Well this sample is obviously not 1080p. 720p HD Lite maybe....
Kinda hard to tell the supposed quality when the video is mostly out of focus anyway.
I just bought a camera to record 720p60, so I would have preferred 60fps support before 1080p30.
Yea, that video is not 1080. I downloaded the HD version. Its still 720.
looks the same as 720p stream
How are you even supposed to tell it's 1080p anyways? Does all this mean that uploading YouTube vids to HD is 1080p now instead of 720p regardless of the source resolution? And that video they had from yesterday mentioned that they were going back to re-encode all the HD vids to 1080p?
videos will only be re-encoded to 1080p if their source resolution is 1080p (or at least higher than 720p)
I was hoping they would atleast look at silverlight 3 for their new stuff..... hopefully flash gets something similar to what smoothstreaming does (I believe they have something similar in flash but its not out in the wild yet). After playing around some with the smoothstreaming tech on the 360 I want all internet video delivered like that.

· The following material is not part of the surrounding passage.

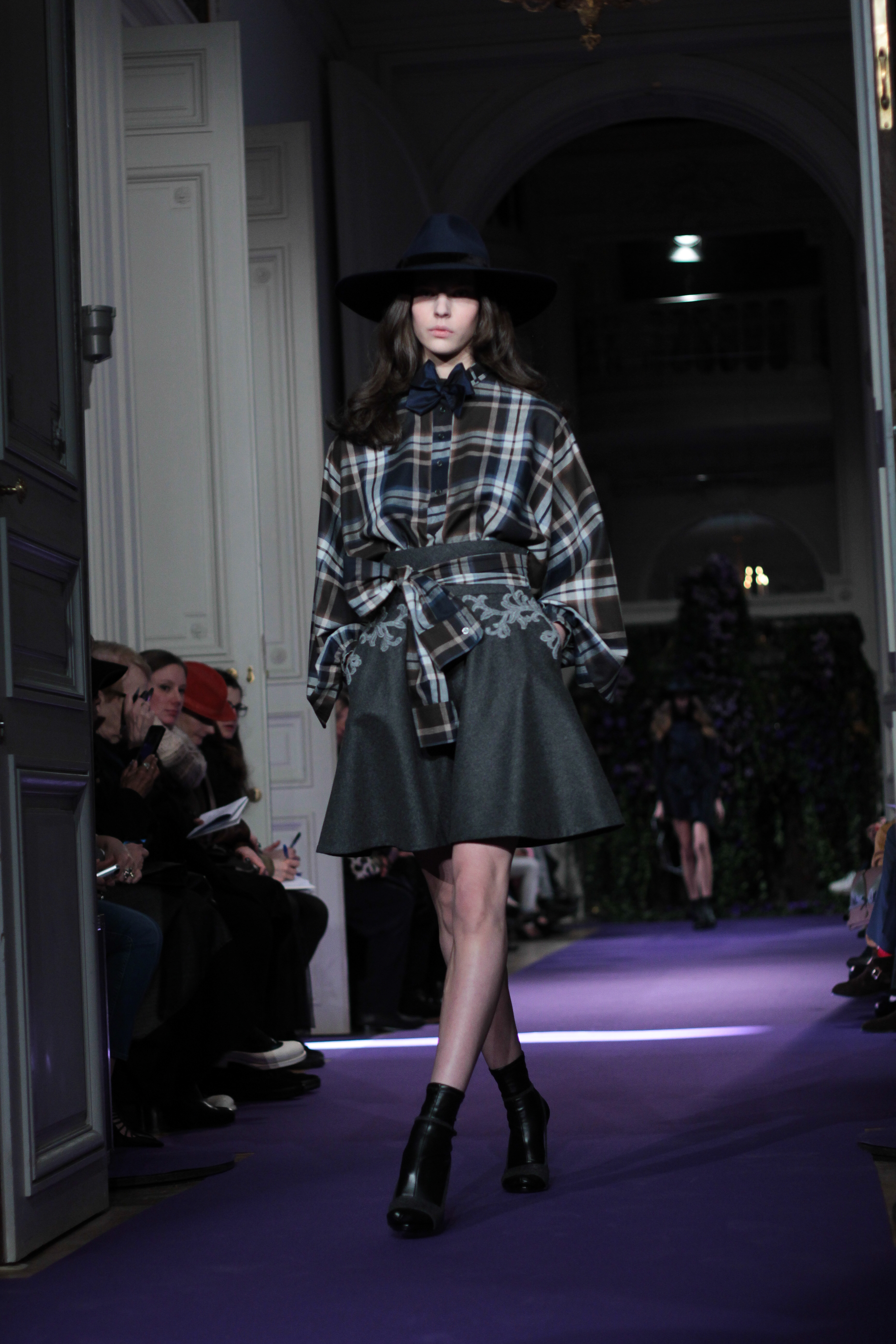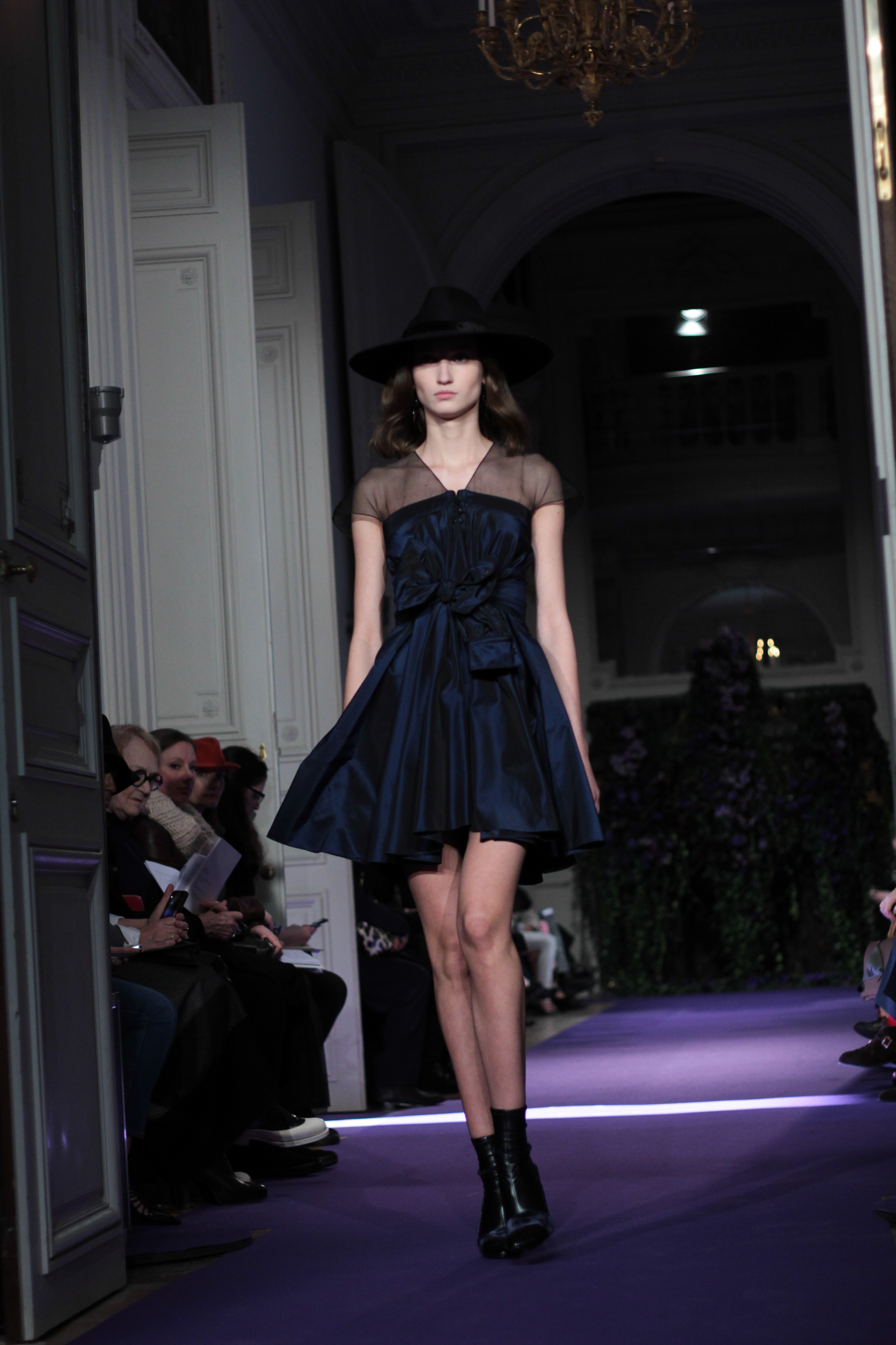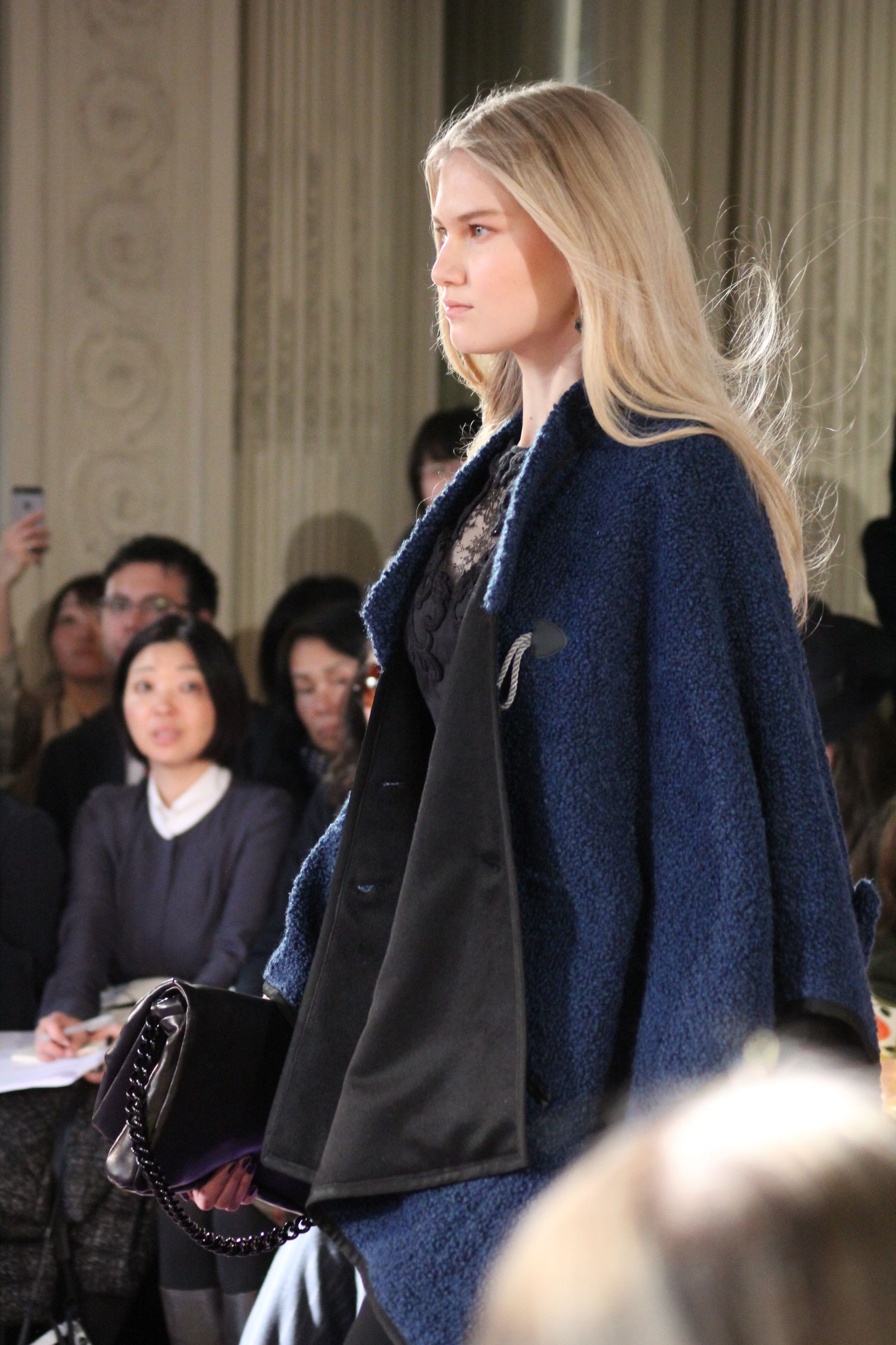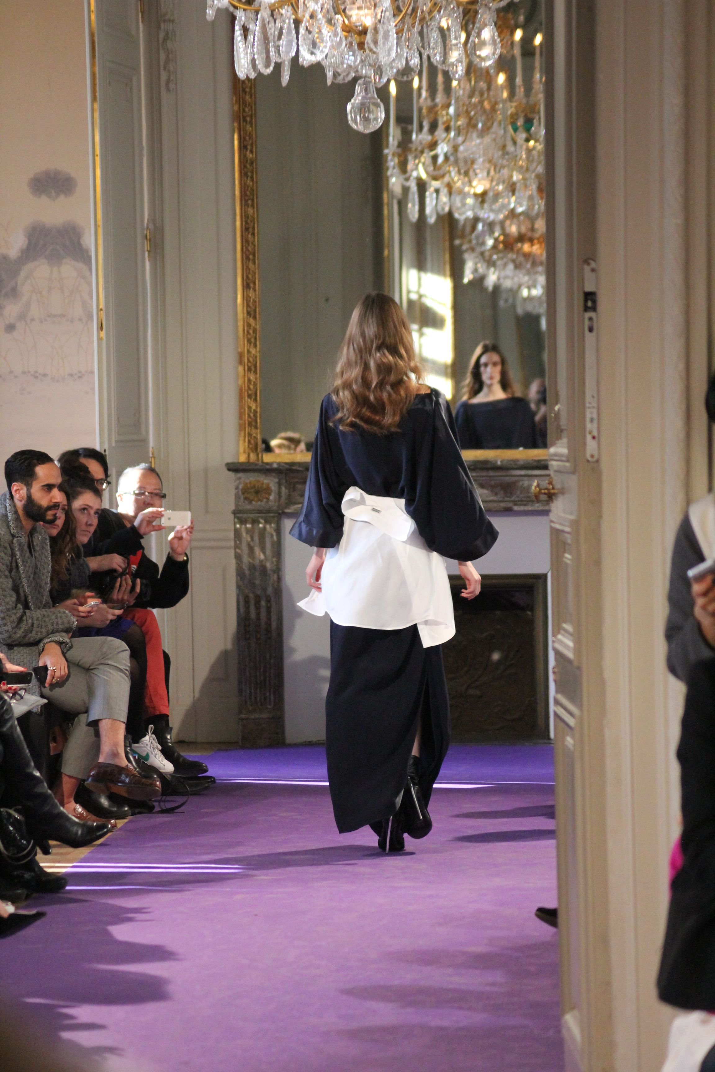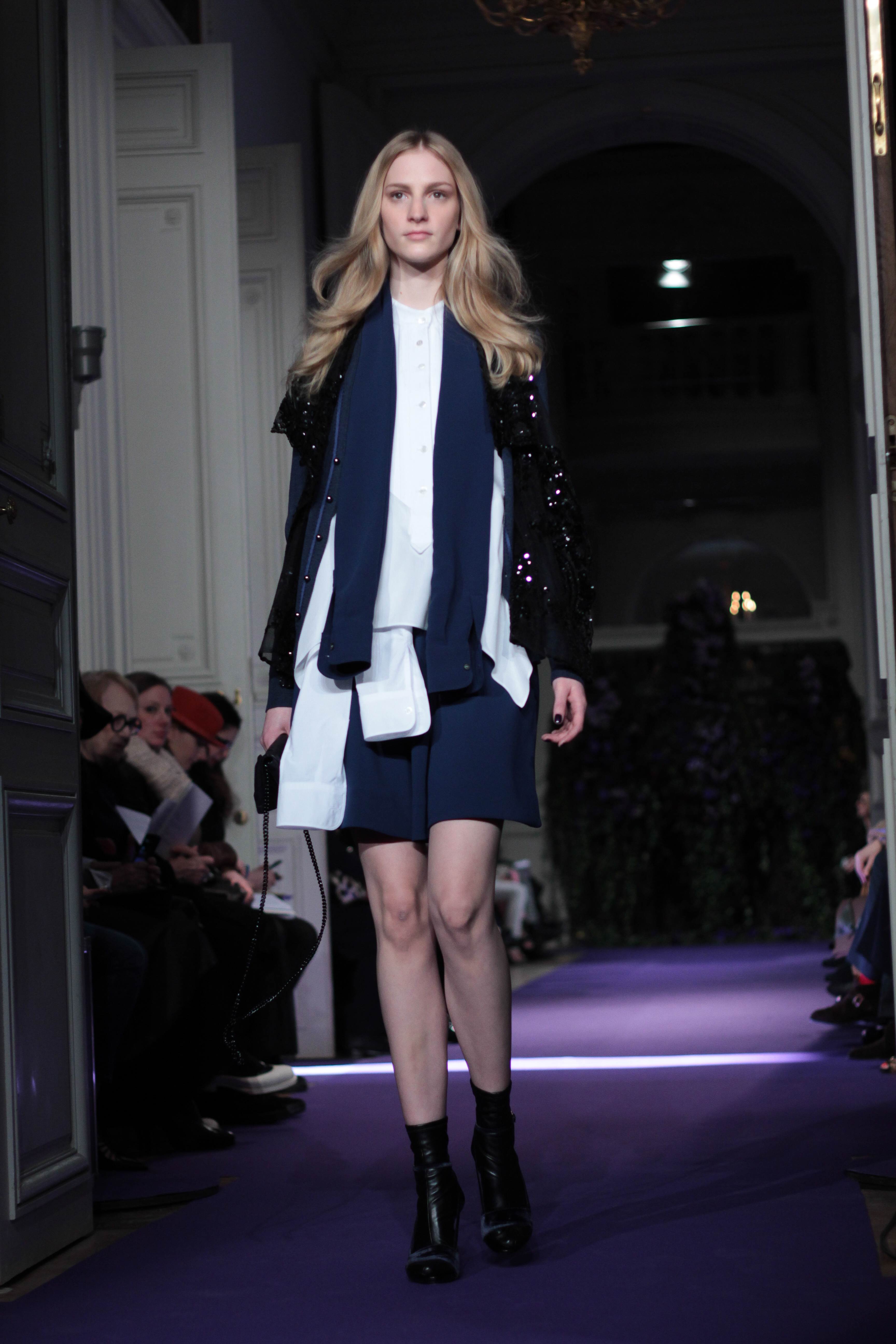 Alexis Mabille nous propose une collection Automne Hiver 2014-2015 en mouvement, le maître mot est la fluidité, le vent. Les coupes sont précises mais fluides.

If YouTube moves from Flash it'll be to an open standard. They're doing a lot of research into that area and working with the HTML 5 people, but thus far nothing's jumping out at them.
With Silverlight not being anything like as cross platform as Flash (Flash at least supports the three major operating system platforms, plus numerous mobile platforms) Silverlight is likely very low on Google's list of things to support. And bear in mind that while recent demos might be impressive, Flash too has undergone significant revisions and will continue to do so - there's no reason to suppose that Silverlight will always be "better", if indeed it is right now, than Flash.
What we really want are open standards for web video. Then we don't have to worry about plugins, and the browser manufacturers can work on optimizing playback rather than us having to wait on one or two proprietary vendors to invent the next big thing.
First fix current connection issue, youtube is not even able to play every hd video in the current youtube site, they clearly has limited the bandwidth speed.
I think the 480p stream version of http://www.recastdigital.net/DEMO/ is way better then this YouTube 1080p sample. Recast's playback is very smooth in my laptop while the youtube version is not.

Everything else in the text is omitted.